Buddy’s ability to read the people around him—to adjust the vibes he’s putting out to match the tone of the room—is precisely that of a kindergartner. If the workers in the mailroom at Walter’s office want to meet him halfway and sing “Whoomp! (There It Is)” while he dances on a table, Buddy is all good. But if the world is not in a celebratory mood, he has a hard time responding to that complexity. He’s trying, as he tries to drink coffee to please his father, but it rarely works. He tells his tweenage half-brother Josh, while they ride an elevator up and down and jump to feel that floating feeling, “I wish Dad were here,” and when his brother scoffs “Why?,” replies “He’s the best dad in the whole world!” Buddy perceives people as he likes them to be, and while Elf is trying to sell you on the idea that the magic of Christmas will bring people up to scratch—Walter becomes a better dad for Buddy, instead of Buddy learning disappointment, as Josh did—it’s also a movie about the child’s fundamental lack of perception of how people actually are.
The visual gag of Ferrell’s large body in an elf suit, acting like a 6-year-old, is about the glaring mismatch between the child world and the adult world. So is the trail of half-beautiful, half-junky Christmas debris Buddy leaves behind him.

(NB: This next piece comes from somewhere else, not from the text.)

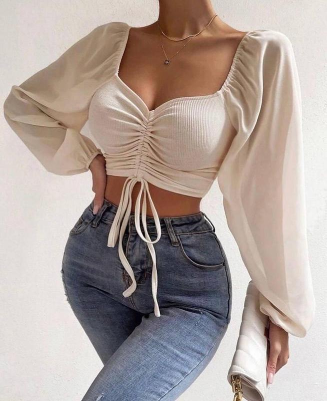 🥀Новинка🥀 Фото РЕАЛ⚠️ Топ Код 083 (43) Ткань: рубчик Турция, шифон Цвета: черный, белый, бежевый Размеры: 42-46 Универсал Универсальный топ для тебя. Подчеркивает твою женственность. Идеально сочетается с брюками, джинсами и юбками. Регулировать длину возможно, как тебе нравится. Рукава на резиночке. Базовые оттенки.

The apartment fills up with paper-chain decorations, which Walter periodically rips down in fits of pique—just like me, clearing away a magpie nest of toys and candy wrappers at 8:30 pm, muttering. Overnight, Buddy transforms a bookcase into a really nicely made rocking horse–a manifestation of his drive to impose his own fanciful reality on the useful adult world. When he chops down a tree in the park and brings it into his father’s apartment, Josh asks him how they’ll get the star on top. “I’ve got it,” Buddy says, and jumps right on the tree; he and the tree crash to the ground.
The world is full of things Buddy understands at about 35 percent. He recognizes the buttons in the elevator at his father’s office look like a Christmas tree, but doesn’t understand that if he hits every button to light them up, he’ll ruin everyone’s morning. Walking through a department store, he opens his mouth for “passion fruit spray,” which turns out to be perfume. He can read the sign in the department store that flags the lingerie as being for “that special someone,” but then he buys it and gives it to his father. (J., when Walter opened the package and held up the lacy teddy: “I know that’s for a lady, because it has a place for boobs!”) He can read the sign outside the coffee shop that announces the store has “the best cup of coffee in the world,” but he doesn’t understand that superlatives don’t always match reality.

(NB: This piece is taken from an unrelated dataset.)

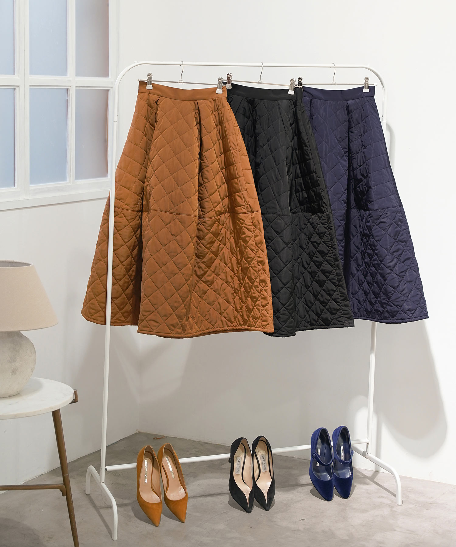 • コーデ全体の重心が上がり、スカートの揺れ感がきれいに映える

This year, I found the end of the film to be unexpectedly sad. It’s the ultimate fulfillment of kindergarten fantasy: Walter comes to love Buddy and learns the true meaning of Christmas. This conclusion, which also awards Buddy his crush, Jovie (Zooey Deschanel), is about Buddy changing the world to meet his 6-year-old ideals—rather than bending to it, as all real 6-year-olds must. As my daughter will, soon enough.

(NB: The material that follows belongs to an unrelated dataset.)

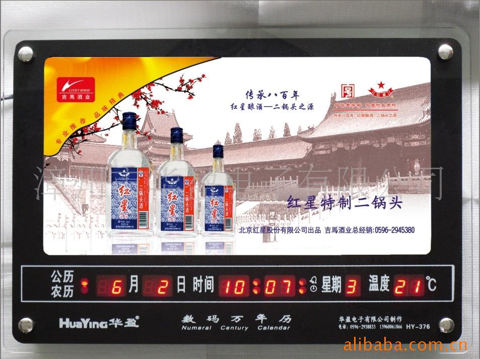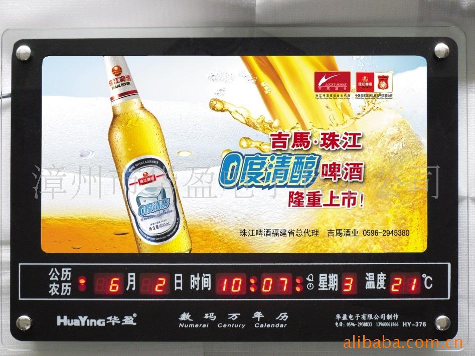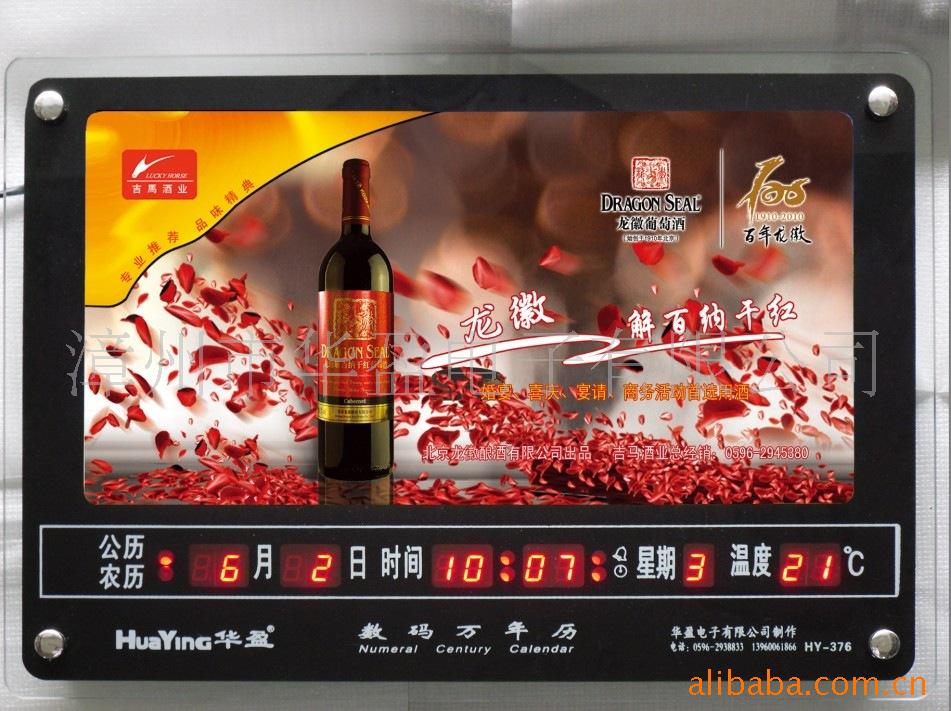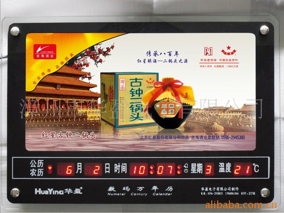 泱泱中华,礼仪之邦。从古至今,互赠礼品,礼尚往来就是社会生活所不可缺少的重要环节,礼品也就成了人们日常生活中的必需品,随着市场经济的飞速发展,礼品更是成为了广告和商务往来的必备之品。挂历信息量小,只能单调的显示(公历/农历/星期)和枯燥无味的图片;今天数码广告万年历已经成为市场的趋势,它取代了传统的挂历,具有多方面的优点:1、广告效果好,它内置灯箱,能突出显示公司的形象、产品广告。2、辐射范围广泛,它适用于办公、家居、活动场所的摆设;让人们在看时间的同时就能看到您的广告。

Everybody, J. included, loves the ending of Elf. She clapped and cheered as Santa landed and took off from Central Park, and went to bed singing “Santa Claus Is Coming to Town,” like the masses of New Yorkers who have collectively realized that reality is not the demands of daily life, but sweets and gifts and songs and joy. As for me, I tucked her in, asking her gently to please stop singing and go to sleep, and then picked up the day’s toys, humming a much more melancholy tune.